READ ALSO: Why does the Swedish media love killjoy festive news? 

“Why Christmas is a dangerous time for your pets”, “The particle pollution caused by Valborg bonfires”, “How Sweden’s Christmas herring are dying out”. Whether they come up with a totally new angle or refresh an old classic, no festive period ever passes without a little injection of misery from Sweden’s newspapers and broadcasters. 

For me, it says something about the Swedish reluctance to ever really enjoy anything absolutely and without reserve, a hangover perhaps from the country’s Lutheran heritage. 

“Alarm on chemicals in Swedish crayfish.” A typically miserable headline for a Swedish festive story.
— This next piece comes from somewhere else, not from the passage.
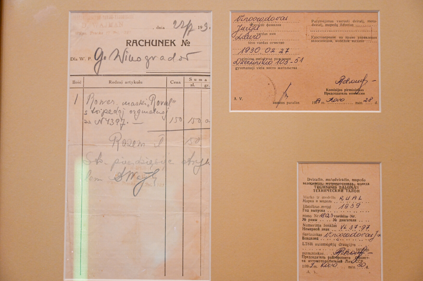 Vienas įdomesnių dviračių – kardaninis, neturintis dviračiams įprastos grandinės. O dar vieną eksponatą kolekcininkui pavyko gauti su visais dokumentais. Vilniuje gyvenantis 1930-aisiais gimęs vyras ne tik išsaugojo savo devintojo gimtadienio proga gautą dviratį, bet ir visus dokumentus, įrodančius jo pagaminimo ir dovanojimo istoriją.
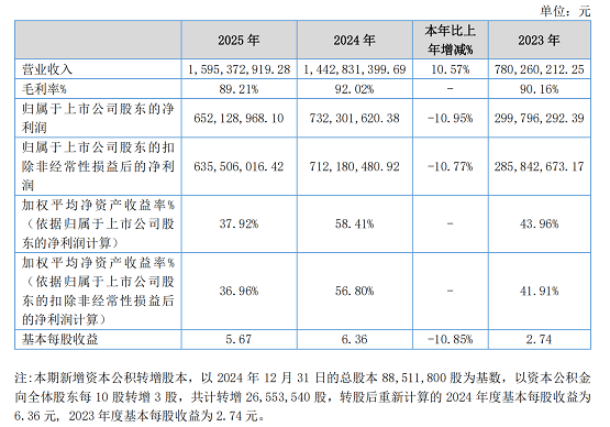 2025年,锦波生物实现营业收入15.95亿元,同比增长10.57%。综合毛利率89.21%,维持在较高水平。总资产25.83亿元,归母净资产18.95亿元,分别增长25.62%和23.39%。

Photo: Screenshot

Rapeseed

This might perhaps be something limited to people who live in Skåne, but the wide fields of bright yellow rapeseed flowers you come across when driving around Sweden in the early summer always blow me away. You come over the crest of a hill and there it is. If you throw in a whitewashed medieval church, and a few wind turbines rotating majestically on the horizon, it can be a breathtaking sight.  

A field of rapeseed in Skåne, southern Sweden. Photo: Jerker Andersson/imagebank.sweden.se

The kulturtant, or “culture lady”

Once you develop an eye for them, Sweden’s kulturtantar, or “culture ladies”, are instantly recognisable and everywhere, with their baggy patterned clothes in rough cotton or home-knitted wool, brightly coloured arty looking glasses, and chunky jewellery. 

They are gently ridiculed in Sweden as another manifestation of the smug, liberal middle classes, but they are also celebrated as the core audience that keeps Sweden’s cultural world alive. It’s the kulturtantar who buy the theatre tickets, go to the literature readings, and visit the art galleries in Sweden’s cities and towns. 

In a country that I sometimes find a bit too practically minded, I’m glad they exist, and a lot of my friends, though still in their 40s, are well on the way to kulturtant status.